Blog math: Rick Bruner does the numbers on weblogs and here’s the bottom line: there are lots of blogs out there.

Quote:

As a professional researcher, I take all of these numbers with a pinch of salt. So there may be 2.5 million U.S. bloggers, or there may be 8.8 million. The real question such numbers help answer is, “Is it bigger than a bread box? Are we talking small, medium or large?”
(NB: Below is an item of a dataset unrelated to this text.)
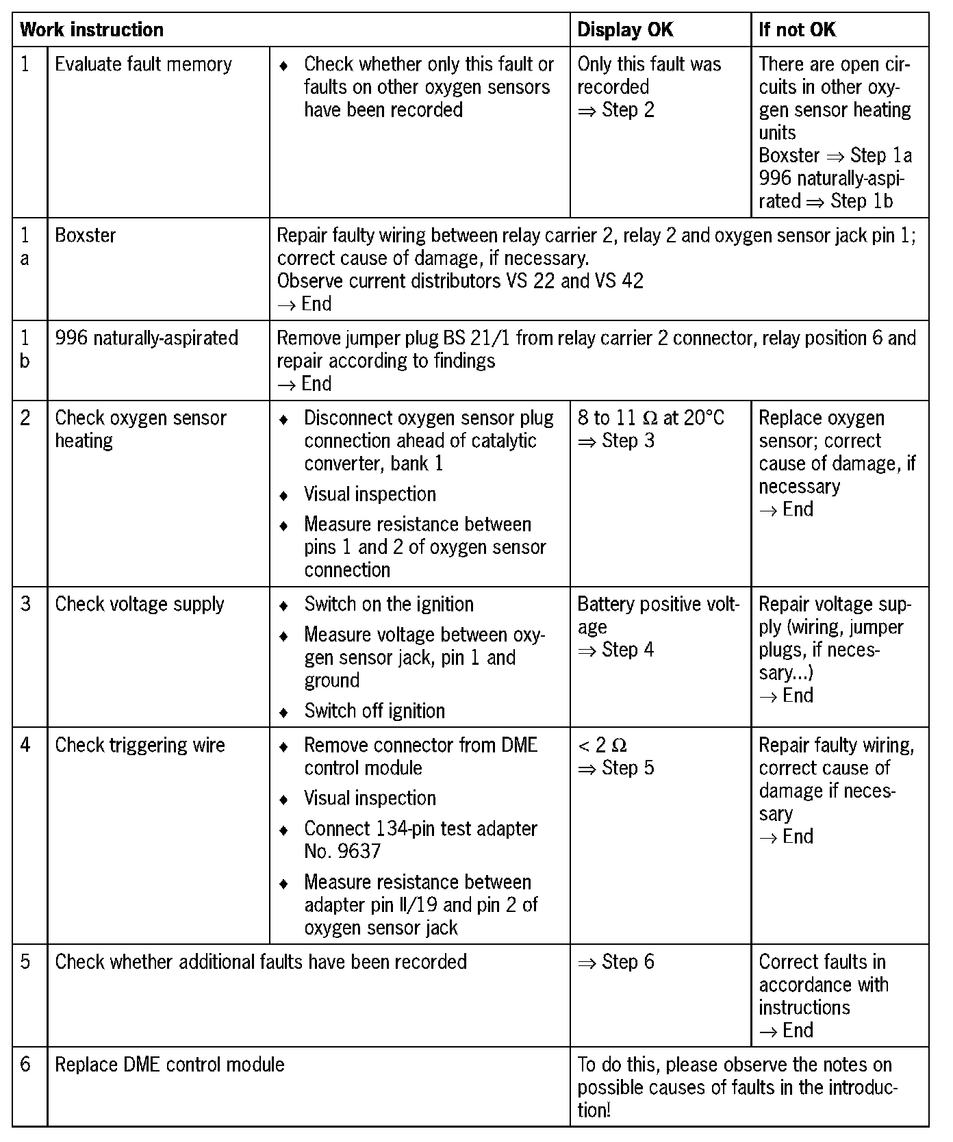 NOTE: Do not use contact spray on the oxygen sensor plug connections as this may cause irreparable damage to the wiring (contamination of the oxygen sensor via the reference air channel).

Speaking of Rick, he has a new weblog called Business Blog Consulting on which he has several categories of business-oriented weblogs listed. Good stuff.

(via Buzz Machine)





April 5th, 2004

What to call? Just noticed the launch of the vaporzine, Worthwhile Magazine (not to be confused with Worth Magazine), in its pre-launch form as a real-live weblog that has names of real-live blogging luminaries associated with it. As it was never a print magazine in he past and thus does not fall into the dejazine category, I’m fresh out of -zine words to describe it. Here’s the opening blog post from the founder. One of the contributors is David Weinberger who writes, “Worthwhile is about what makes work worthwhile. Its editors - Anita Sharpe and Kevin Salwen - each with serious editorial experience and credentials, are prepping the first issue. I’m proud to be a contributor to the Worthwhile blog, along with Tom Peters, Halley, David Batsone, Rebecca Ryan, Kate Yandoh, and Anita and Kevin.”





April 5th, 2004

A belated thanks: I just discovered that a website called What’s Next Online included my humble weblog as an example in an article called, “Best business blog examples and why it’s high time to think about a blog for your company.” Thank you.





April 5th, 2004

Dejazine update: The magazine “Classic Gamer” is now a dejazine — in their case, a PDF. As the five regular readers of this weblog know, a dejazine is a defunct print magazine that is resurrected as a website and vaporzine. Here are some other examples of dejazines: The Standard and The Red Herring and Creem Magazine. (via /.)





April 5th, 2004

Don’t change anything: The NYT is reporting (registration required, etc.) that the magazine Martha Stewart’s Living is conducting research into what reader reaction will be if she ends up in jail and whether or not the magazine should change department names, etc., to downplay its Marthaness. Here’s my advice: Don’t waste money on research. Use common sense. Engage in a coversation with your readers. Don’t run away from Martha. She can show anything but arrogance in this matter and survive. Have her apologize. Have her beg forgiveness for her mistakes. But don’t try to run away from her. As I’ve said here many times on this weblog, the mythical Martha Stewart character who is in the magazine is not the human Martha Stewart who will be in jail. Your readers know that. Forget the research.